Она по-прежнему приходила ко мне по утрам пить кофе, но мы уже не обедали вместе; ей, как она говорила, не хотелось есть, и питалась она только кофе, чаем и разными пустяками вроде апельсинов и карамели.
И разговоров у нас по вечерам уже не было. Не знаю, почему так. После того, как я застал ее в слезах, она стала относиться ко мне как-то слегка, подчас небрежно, даже с иронией, и называла меня почему-то «сударь мой». То, что раньше казалось ей страшным, удивительным, героическим и что возбуждало в ней зависть и восторг, теперь не трогало ее вовсе, и обыкновенно, выслушав меня, она слегка потягивалась и говорила:
– Да, было дело под Полтавой, сударь мой, было.
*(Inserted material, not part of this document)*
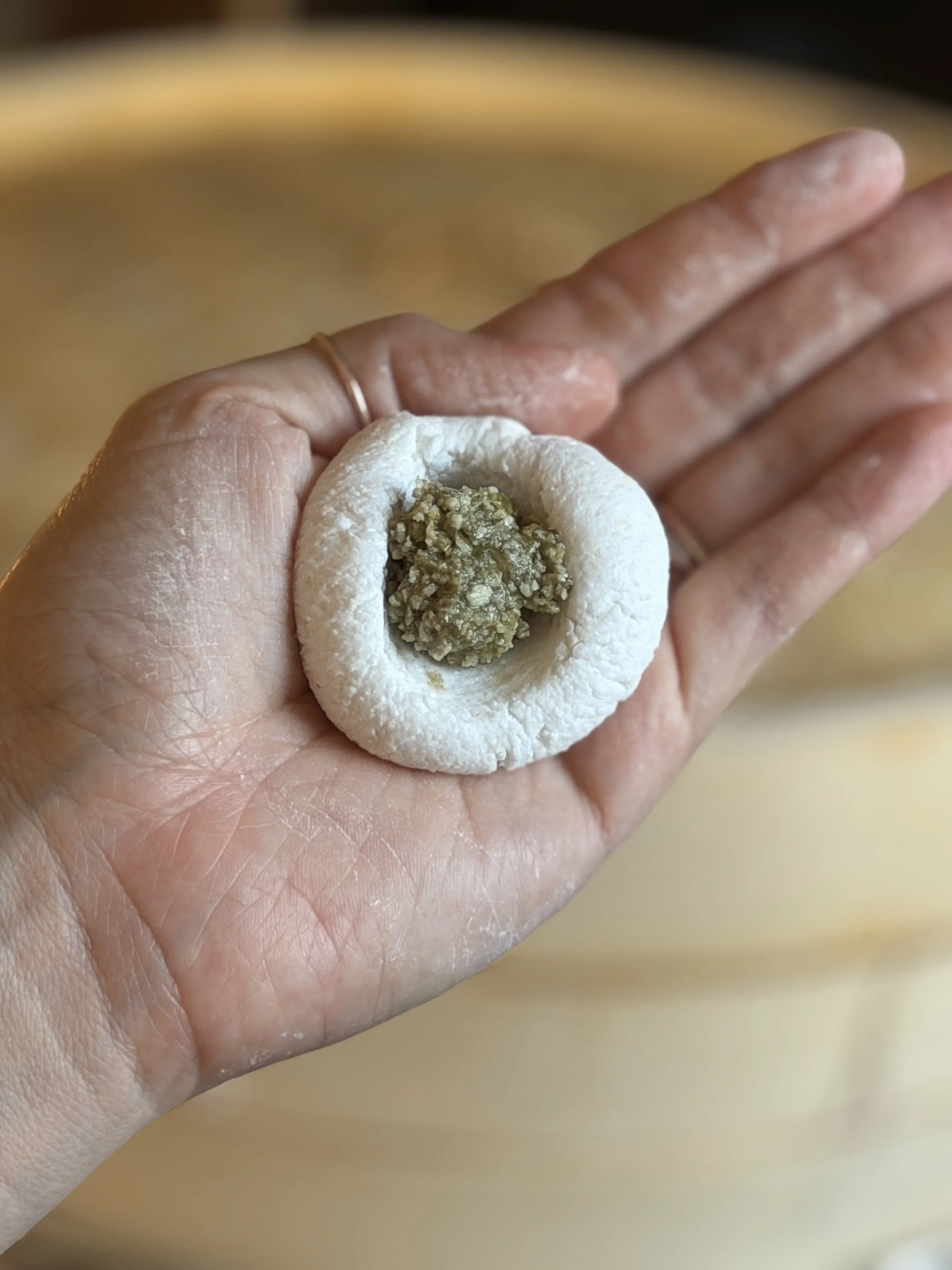 Press/hollow the center to form small bowl. (If it cracks add a little bit more warm water to the dough)

Случалось даже, что я не встречался с ней по целым дням. Бывало, постучишься робко и виновато в ее дверь – ответа нет; постучишься еще раз – молчание... Стоишь около двери и слушаешь; но вот мимо проходит горничная и холодно заявляет: «Madame est partie» [5]. Затем ходишь по коридору гостиницы, ходишь, ходишь... Какие-то англичане, полногрудые дамы, гарсоны во фраках... И когда я долго смотрю на длинный полосатый ковер, который тянется через весь коридор, мне приходит на мысль, что в жизни этой женщины я играю странную, вероятно, фальшивую роль и что уже не в моих силах изменить эту роль; я бегу к себе в номер, падаю на постель и думаю, думаю и не могу ничего придумать, и для меня ясно только, что мне хочется жить и что чем некрасивее, суше и черствее становится ее лицо, тем она ближе ко мне и тем сильнее и больней я чувствую наше родство. Пусть я «сударь мой», пусть этот легкий, пренебрежительный тон; пусть что угодно, но только не оставляй меня, мое сокровище. Мне теперь страшно одному.
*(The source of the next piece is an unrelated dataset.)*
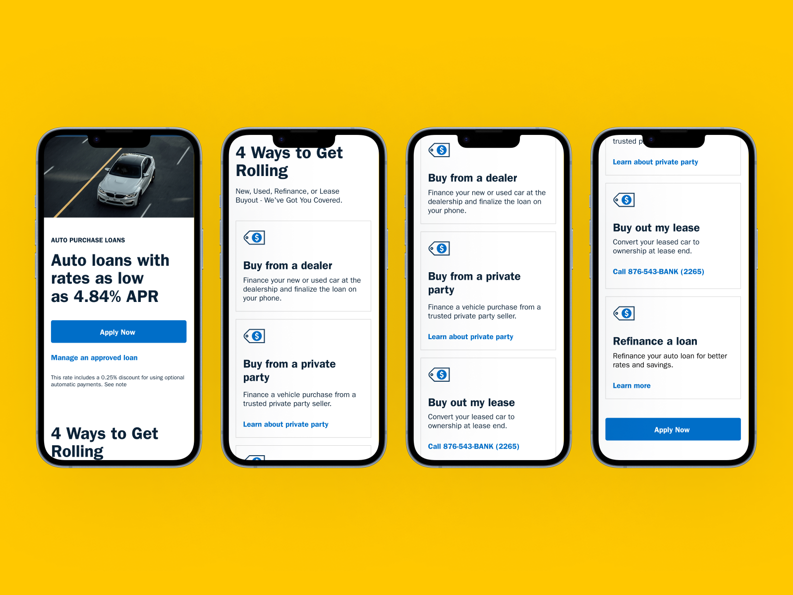 As part of a broader effort to strengthen trust and clarity in financial experiences, I partnered across business, legal, compliance, content, and development teams to streamline the application journey.

Потом я опять выхожу в коридор, с тревогой прислушиваюсь... Я не обедаю, не замечаю, как наступает вечер. Наконец часу в одиннадцатом слышатся знакомые шаги и на повороте около лестницы показывается Зинаида Федоровна.
– Прогуливаетесь? – спрашивает она, проходя мимо. – Вы бы лучше шли наружу... Спокойной ночи!
– Но разве мы уже не увидимся сегодня?
– Уже поздно, кажется. Впрочем, как хотите.
– Скажите, где вы были? – спрашиваю я, входя за нею в номер.
– Где? В Монте-Карло. – Она достает из кармана штук десять золотых монет и говорит: – Вот, сударь мой. Выиграла. Это в рулетку.
– Ну, вы не станете играть.
– Отчего же? Я и завтра опять поеду.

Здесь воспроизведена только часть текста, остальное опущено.